- _What the exercise asks_
Look below for the line with "同学们希望用这样一种温暖的方"; begin the copy there and stop after the line with "JEX 60 viên", keeping the text exact and the pictures out.

- _Records for this exercise_
——

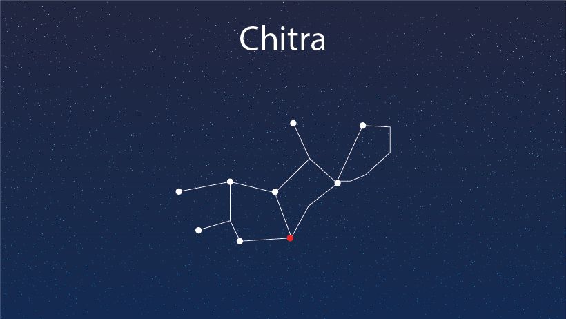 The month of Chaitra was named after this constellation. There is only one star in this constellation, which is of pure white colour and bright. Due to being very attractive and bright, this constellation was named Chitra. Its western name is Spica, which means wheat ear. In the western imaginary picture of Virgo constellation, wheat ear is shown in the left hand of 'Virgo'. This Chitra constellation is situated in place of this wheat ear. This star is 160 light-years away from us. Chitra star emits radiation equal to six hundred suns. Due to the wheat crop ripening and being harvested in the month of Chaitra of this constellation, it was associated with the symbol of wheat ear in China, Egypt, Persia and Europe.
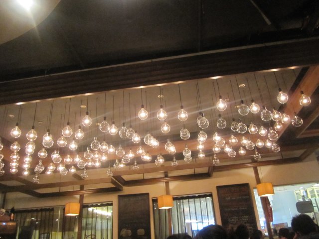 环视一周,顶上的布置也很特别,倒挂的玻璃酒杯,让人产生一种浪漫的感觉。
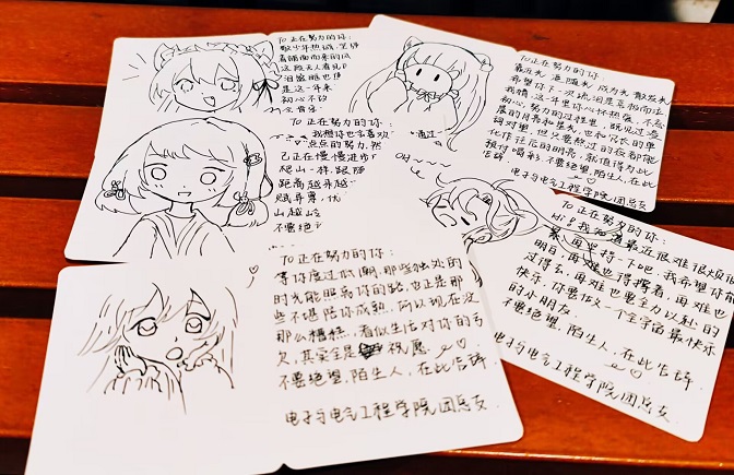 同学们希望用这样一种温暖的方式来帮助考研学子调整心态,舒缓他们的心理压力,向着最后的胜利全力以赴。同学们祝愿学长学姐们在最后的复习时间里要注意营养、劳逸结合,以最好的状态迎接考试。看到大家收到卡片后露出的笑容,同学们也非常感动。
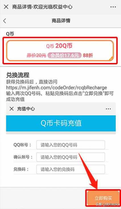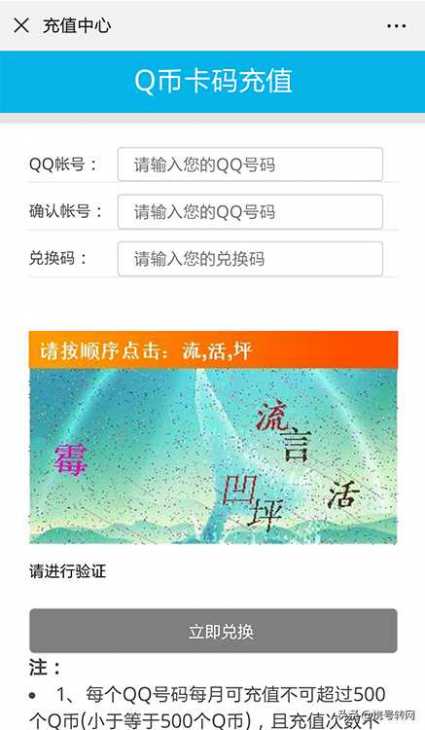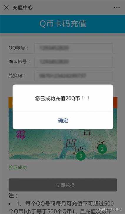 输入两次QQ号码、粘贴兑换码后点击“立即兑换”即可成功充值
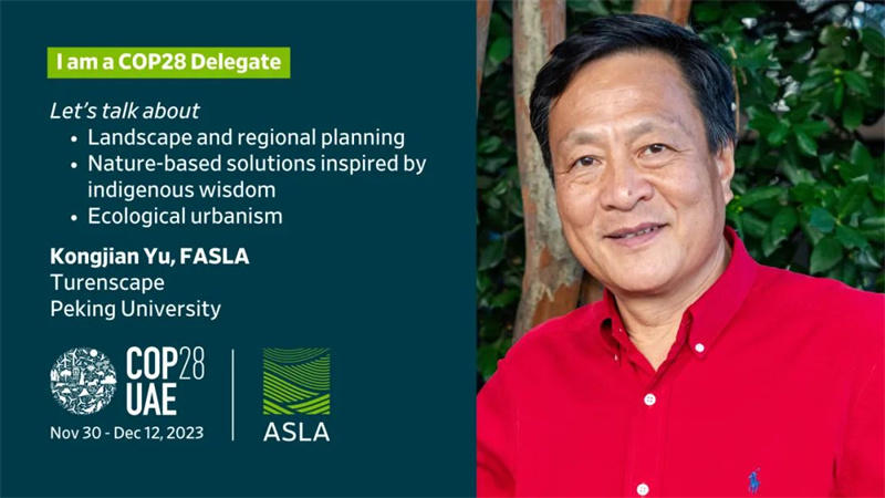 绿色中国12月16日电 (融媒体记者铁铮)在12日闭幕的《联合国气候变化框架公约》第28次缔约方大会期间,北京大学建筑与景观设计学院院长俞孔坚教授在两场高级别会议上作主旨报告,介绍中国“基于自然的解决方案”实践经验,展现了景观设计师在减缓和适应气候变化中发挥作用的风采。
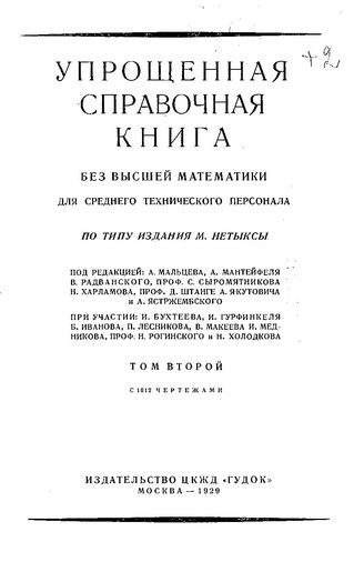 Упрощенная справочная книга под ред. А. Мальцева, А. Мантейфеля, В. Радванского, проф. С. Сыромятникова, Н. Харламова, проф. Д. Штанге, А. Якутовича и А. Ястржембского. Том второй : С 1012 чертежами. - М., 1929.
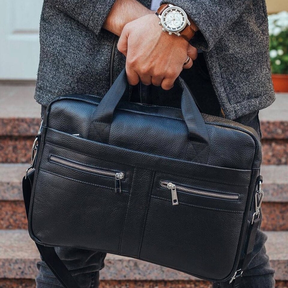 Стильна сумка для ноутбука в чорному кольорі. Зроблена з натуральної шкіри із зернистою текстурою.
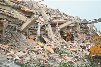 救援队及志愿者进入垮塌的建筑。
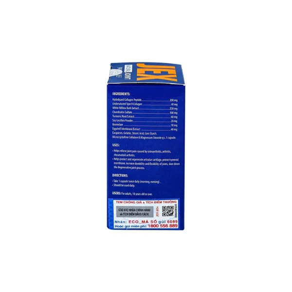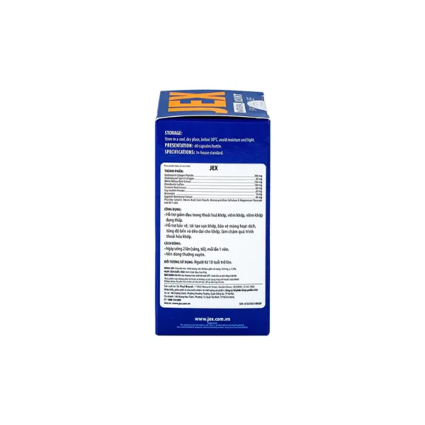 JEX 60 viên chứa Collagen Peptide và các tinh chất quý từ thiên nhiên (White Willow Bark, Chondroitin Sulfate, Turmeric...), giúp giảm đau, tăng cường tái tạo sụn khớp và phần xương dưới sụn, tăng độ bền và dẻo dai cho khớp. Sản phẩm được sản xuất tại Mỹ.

——

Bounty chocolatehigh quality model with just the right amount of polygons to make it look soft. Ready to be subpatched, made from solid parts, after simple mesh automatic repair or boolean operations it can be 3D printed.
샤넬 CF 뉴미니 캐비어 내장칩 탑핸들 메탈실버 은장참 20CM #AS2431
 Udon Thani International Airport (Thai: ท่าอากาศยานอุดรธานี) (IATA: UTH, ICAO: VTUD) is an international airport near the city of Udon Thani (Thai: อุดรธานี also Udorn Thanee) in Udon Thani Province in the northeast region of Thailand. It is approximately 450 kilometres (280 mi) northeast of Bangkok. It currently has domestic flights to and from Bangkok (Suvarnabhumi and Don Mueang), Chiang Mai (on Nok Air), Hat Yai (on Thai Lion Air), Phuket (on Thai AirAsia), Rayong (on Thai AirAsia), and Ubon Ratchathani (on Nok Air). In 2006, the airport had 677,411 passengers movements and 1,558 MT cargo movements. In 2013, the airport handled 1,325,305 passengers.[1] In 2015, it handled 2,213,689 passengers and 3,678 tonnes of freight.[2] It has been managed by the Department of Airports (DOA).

——

- _Result for this exercise_
 同学们希望用这样一种温暖的方式来帮助考研学子调整心态,舒缓他们的心理压力,向着最后的胜利全力以赴。同学们祝愿学长学姐们在最后的复习时间里要注意营养、劳逸结合,以最好的状态迎接考试。看到大家收到卡片后露出的笑容,同学们也非常感动。
 输入两次QQ号码、粘贴兑换码后点击“立即兑换”即可成功充值
 绿色中国12月16日电 (融媒体记者铁铮)在12日闭幕的《联合国气候变化框架公约》第28次缔约方大会期间,北京大学建筑与景观设计学院院长俞孔坚教授在两场高级别会议上作主旨报告,介绍中国“基于自然的解决方案”实践经验,展现了景观设计师在减缓和适应气候变化中发挥作用的风采。
 Упрощенная справочная книга под ред. А. Мальцева, А. Мантейфеля, В. Радванского, проф. С. Сыромятникова, Н. Харламова, проф. Д. Штанге, А. Якутовича и А. Ястржембского. Том второй : С 1012 чертежами. - М., 1929.
 Стильна сумка для ноутбука в чорному кольорі. Зроблена з натуральної шкіри із зернистою текстурою.
 救援队及志愿者进入垮塌的建筑。
 JEX 60 viên chứa Collagen Peptide và các tinh chất quý từ thiên nhiên (White Willow Bark, Chondroitin Sulfate, Turmeric...), giúp giảm đau, tăng cường tái tạo sụn khớp và phần xương dưới sụn, tăng độ bền và dẻo dai cho khớp. Sản phẩm được sản xuất tại Mỹ.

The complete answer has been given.